DATA LISTING:

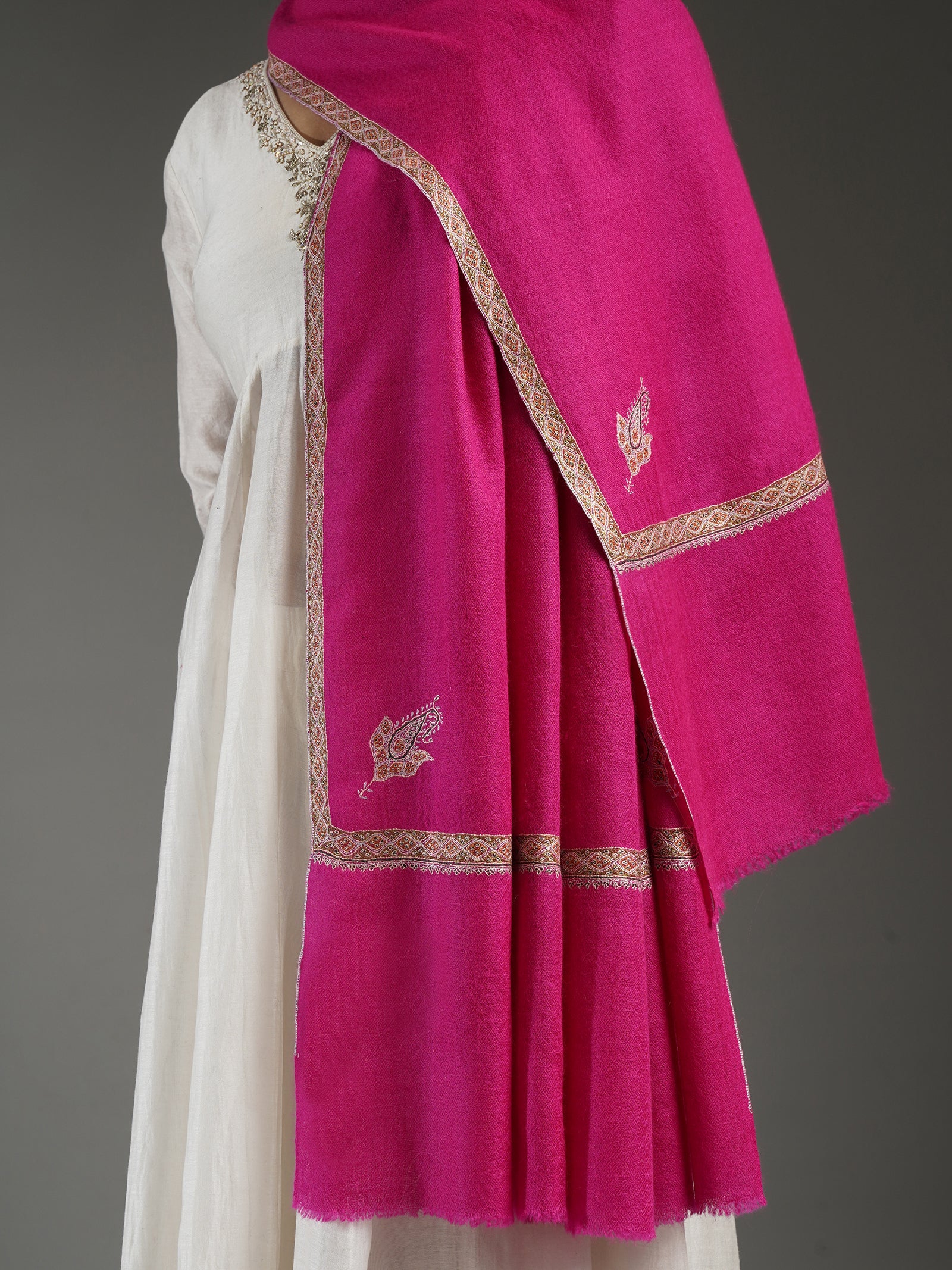 Radiant in a striking magenta pink, this handloom pashmina shawl brings bold elegance to classic craft. Its borders are delicately highlighted with fine hand-needlework, while graceful ambi and floral corner motifs add a touch of refined artistry. Soft, warm, and unmistakably luxurious, it’s the perfect statement layer.
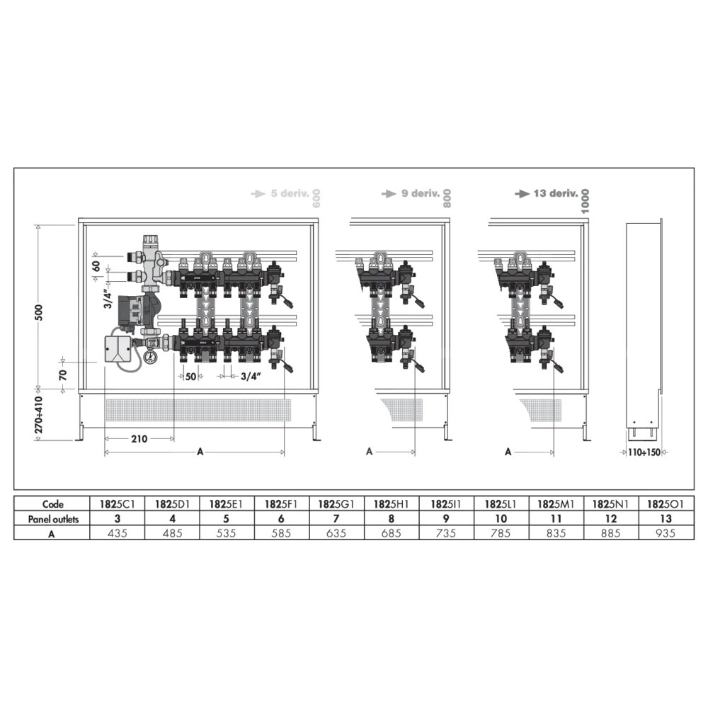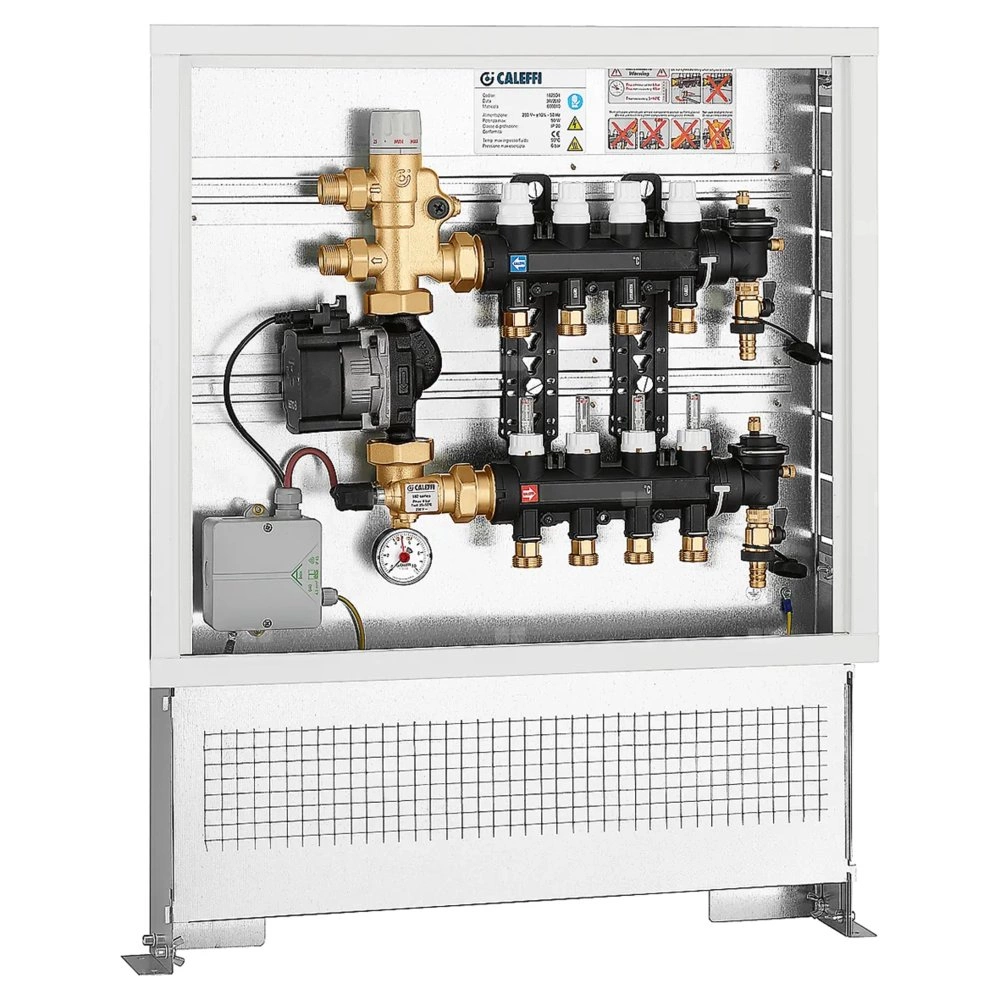 Zespół regulacyjny – regulacja stałotemperaturowa. Wstępnie zmontowany w skrzynce inspekcyjnej W zestawie: - termostatyczny układ regulacji; - para rozdzielaczy z kompozytu z wbudowanymi przepływomierzami i zaworami odcinającymi; - termostat bezpieczeństwa; - wysokowydajna pompa UPM3 Auto L 25-70; - skrzynka inspekcyjna naścienna ze wspornikami podłogowymi. Przyłącze: G 3/4" A (ISO 228-1) GZ, Podłączenie do złączek Caleffi. przyłącza wylot: G 3/4" A (ISO 228-1) GZ, 11 wyjść. Maksymalne ciśnienie pracy: 6 bar. Zakres regulacji temperatury: 25–55 °C. Zasilanie elektryczne: 230 V (AC). Szerokość: 1000.
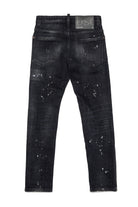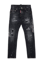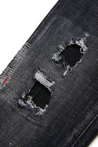 • Black denim with abrasions, rips, and paint splatter effect
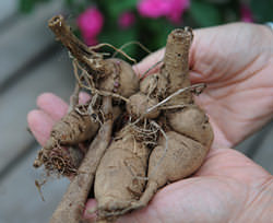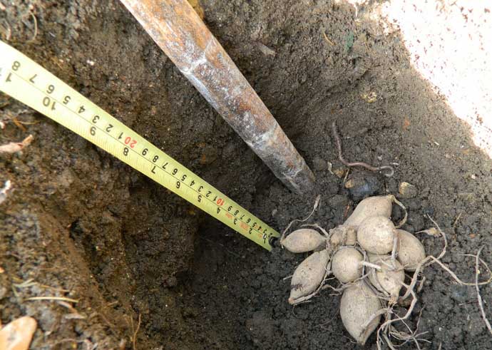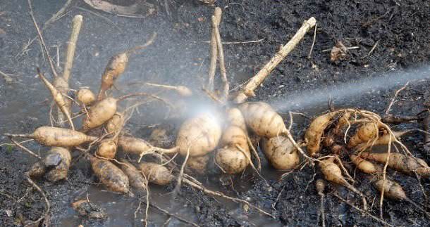 Далі коріння і бульби повністю викопуються (слід це робити з максимальною обережністю), омиваються водою, поділяються ножем на маленькі бульби. Вони, за фактом, вже готові під посадку. Висаджувати рекомендується в кінці квітня – початку травня. При цьому потрібно стежити за середньою температурою вночі. Від легких заморозків жоржини не помруть, але якщо температура впаде до показника в -3 ° С, то зів'януть навіть бульби. Цього слід побоюватися.
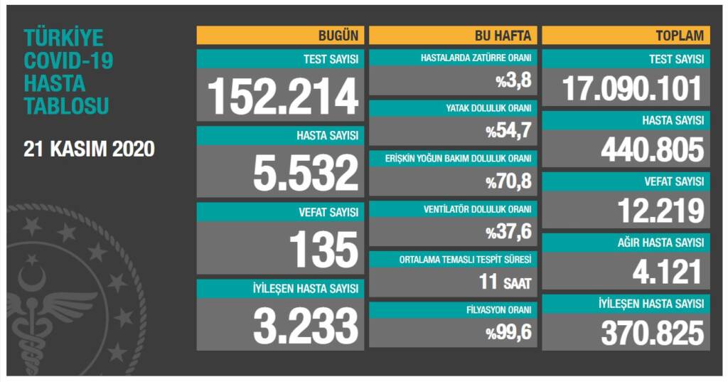 Sağlık Bakanı Fahrettin Koca, verilere ilişkin yaptığı açıklamada, “Bugün tespit edilen 5.532 yeni hasta var. Ağır hasta sayımız da kayıplarımız da can yakıyor. Kayıplarımızı azaltacak olan kurallara ve tedbirlere canla başla uymaktır. Mücadelenin gücü birlik olmak. Güç verin.” dedi.
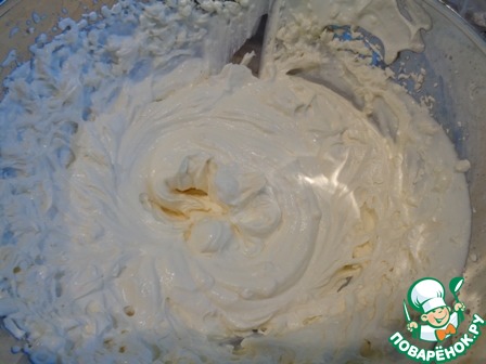 Приготовить крем: в творожный сырок добавить сметану, перемешать до однородности.
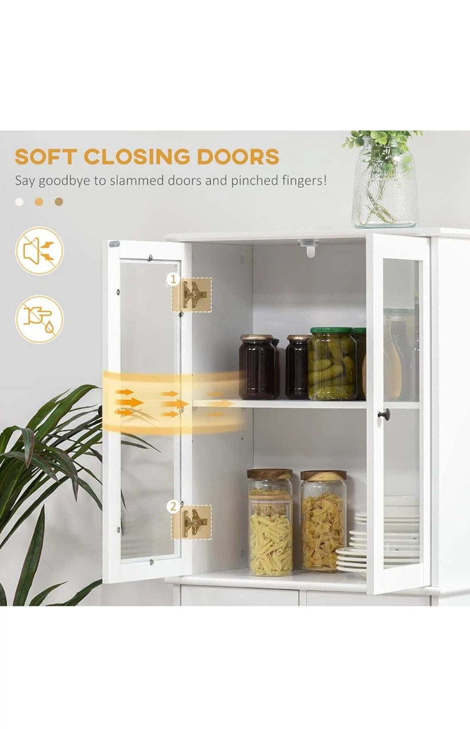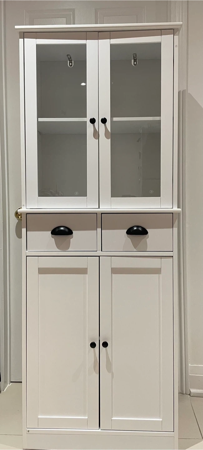 Versatile storage piece with a clean, modern look. The glass-door top is great for displaying dishes, décor, or books, while the shelves, drawers, and lower cabinet offer ample hidden storage.

WHAT YOU NEED TO DO: Leave out the pictures and retype every line above exactly.

EXERCISE RESULT:
 Radiant in a striking magenta pink, this handloom pashmina shawl brings bold elegance to classic craft. Its borders are delicately highlighted with fine hand-needlework, while graceful ambi and floral corner motifs add a touch of refined artistry. Soft, warm, and unmistakably luxurious, it’s the perfect statement layer.
 Zespół regulacyjny – regulacja stałotemperaturowa. Wstępnie zmontowany w skrzynce inspekcyjnej W zestawie: - termostatyczny układ regulacji; - para rozdzielaczy z kompozytu z wbudowanymi przepływomierzami i zaworami odcinającymi; - termostat bezpieczeństwa; - wysokowydajna pompa UPM3 Auto L 25-70; - skrzynka inspekcyjna naścienna ze wspornikami podłogowymi. Przyłącze: G 3/4" A (ISO 228-1) GZ, Podłączenie do złączek Caleffi. przyłącza wylot: G 3/4" A (ISO 228-1) GZ, 11 wyjść. Maksymalne ciśnienie pracy: 6 bar. Zakres regulacji temperatury: 25–55 °C. Zasilanie elektryczne: 230 V (AC). Szerokość: 1000.
 • Black denim with abrasions, rips, and paint splatter effect
 Далі коріння і бульби повністю викопуються (слід це робити з максимальною обережністю), омиваються водою, поділяються ножем на маленькі бульби. Вони, за фактом, вже готові під посадку. Висаджувати рекомендується в кінці квітня – початку травня. При цьому потрібно стежити за середньою температурою вночі. Від легких заморозків жоржини не помруть, але якщо температура впаде до показника в -3 ° С, то зів'януть навіть бульби. Цього слід побоюватися.
 Sağlık Bakanı Fahrettin Koca, verilere ilişkin yaptığı açıklamada, “Bugün tespit edilen 5.532 yeni hasta var. Ağır hasta sayımız da kayıplarımız da can yakıyor. Kayıplarımızı azaltacak olan kurallara ve tedbirlere canla başla uymaktır. Mücadelenin gücü birlik olmak. Güç verin.” dedi.
 Приготовить крем: в творожный сырок добавить сметану, перемешать до однородности.
 Versatile storage piece with a clean, modern look. The glass-door top is great for displaying dishes, décor, or books, while the shelves, drawers, and lower cabinet offer ample hidden storage.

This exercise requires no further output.